Por GERSON ALMEIDA*
Considerações sobre a pedagogia de Paulo Freire
O filósofo Ernani Maria Fiori definiu Paulo Freire como “um pensador comprometido com a vida, que não pensa ideias, pensa a existência”. Uma forma sensível e arguta de tratar a obra de quem jamais pensou a vida de forma dissociada do mundo, o lugar das vivências humanas.
Como o pedagogo da liberdade e da autonomia, ele se opôs à ideia de que nossa vida seja algo previamente traçado e independa de como agimos e pensamos. Para Freire, ao contrário, a vida é “algo que precisa ser feito e cuja responsabilidade não posso me omitir”.
Esta é a razão pela qual Paulo Freire considera o processo de aprendizado como não restrito às salas de aulas, por mais relevantes que elas sejam, pois é vivendo que aprendemos e ganhamos consciência do mundo. A vida, para ele, é um “texto para ser constantemente “lido”, interpretado, “escrito” e “reescrito”, num processo de conhecimento que só pode ser plenamente realizado ao agir no mundo. É assim que nos constituímos como ser humano.
Se agir no mundo é a forma de pensarmos e tomar consciência de nós mesmos e da sociedade em que vivemos, esse mundo só pode ser compreendido como a interação da sociedade e da natureza, na qual é realizado um permanente processo de criação e recriação, da natureza, da sociedade e dos indivíduos.
Ao pensar a vida como permanente criar e recriar, a pedagogia de Paulo Freire age como um verdadeiro aríete contra o “a ideologia fatalista e imobilizante que anima o discurso neoliberal”, que está sempre tentando nos fazer crer que “não há nada que fazer”.
Esse discurso da “desesperança”, contra o qual a sua pedagogia da liberdade se insurge é a ideologia neoliberal, fatalista e acomodada, que deseja suprimir a “força criadora do aprender” e, portanto, do transformar.
Enquanto a vida não acabar há história e, portanto, há futuro para ser construído, um futuro que pode ser “problemático, mas não inexorável”, pois o patrono da educação brasileira nos ensina que “onde há vida, há inacabamento” e, portanto, espaço para construção do novo, para transformações.
Para Paulo Freire, é da natureza dos seres humanos ir além dos condicionamentos, pois somos dotados da “força criadora do aprender” e, portanto, de transformar, pois o futuro nunca é algo dado, ele precisa ser construído. Contra a desesperança, portanto, a pedagogia freiriana afirma a esperança nas capacidades da liberdade da humanidade.

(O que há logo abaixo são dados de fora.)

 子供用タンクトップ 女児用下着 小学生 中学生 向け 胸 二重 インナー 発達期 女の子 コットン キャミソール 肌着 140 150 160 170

Mesmo que nossa existência seja condicionada por fatores culturais, de organização do poder e pelo ambiente natural, isto não significa que somos “determinados”. Nós somos capazes de perceber que “os obstáculos não se eternizam” e, portanto, são passíveis de superação pela ação coletiva e consciente no mundo.
Hoje, sequer a história natural é tida como o campo das determinações. Ela é compreendida como sendo sujeita a desvios, incertezas e bifurcações, o que faz dela, nas palavras do Prêmio Nobel de Química, Ilya Prigogine “uma criação de possibilidades, as quais algumas se realizam, outras não”.

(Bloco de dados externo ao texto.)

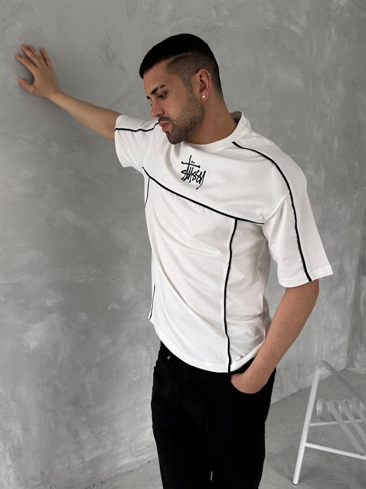 تيشيرت ستوسي ابيض خط اسود , قالب كبير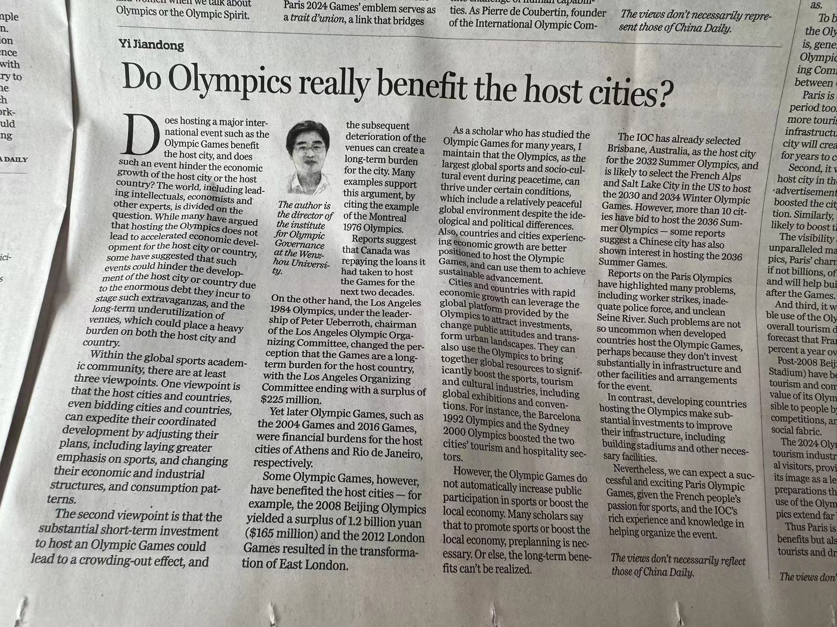The author is the director of the institute for Olympic Governance at the Wenzhou University.

Portanto, a verdadeira conexão entre história natural e história humana é a incerteza e a própria vida é o espaço pedagógico no qual tomamos consciência daquilo que somos, sem vida não há consciência social e percepção do mundo natural. É por isto que a consciência se constitui como consciência do mundo, conforme as palavras de Ernani Maria Fiori e ninguém se conscientiza separadamente dos demais, pois a consciência é um ato social.
Em um dos seus últimos escritos, Paulo Freire mostra a urgência de assumirmos a luta pelos princípios éticos fundamentais como o respeito à vida dos seres humanos, à vida dos outros animais, à vida dos pássaros, à vida dos rios e das florestas. Ele afirma não crer “na amorosidade entre mulheres e homens, entre os seres humanos, se não nos tornamos capazes de amar o mundo”. Para ele, assim, a ecologia ganha uma importância fundamental neste fim de século.
Não é por outra razão que a sua obra é um dos principais alvos desse momento de intolerância ao saber, à ciência, à proteção ambiental. Sua vida e sua obra são uma crítica radical ao fatalismo que tenta impor o mundo presente como o único possível.
A nau da insensatez que apoia a necropolítica em curso no país combate Paulo Freire com furor, pois a sua pedagogia é subversiva da ordem vigente, que só admite um ensino que ajude a perpetuar a obscena desigualdade social e a imensa degradação ambiental. Assim, é preciso amar a vida para compreender Paulo Freire.
*Gerson Almeida é mestre em sociologia pela UFRGS.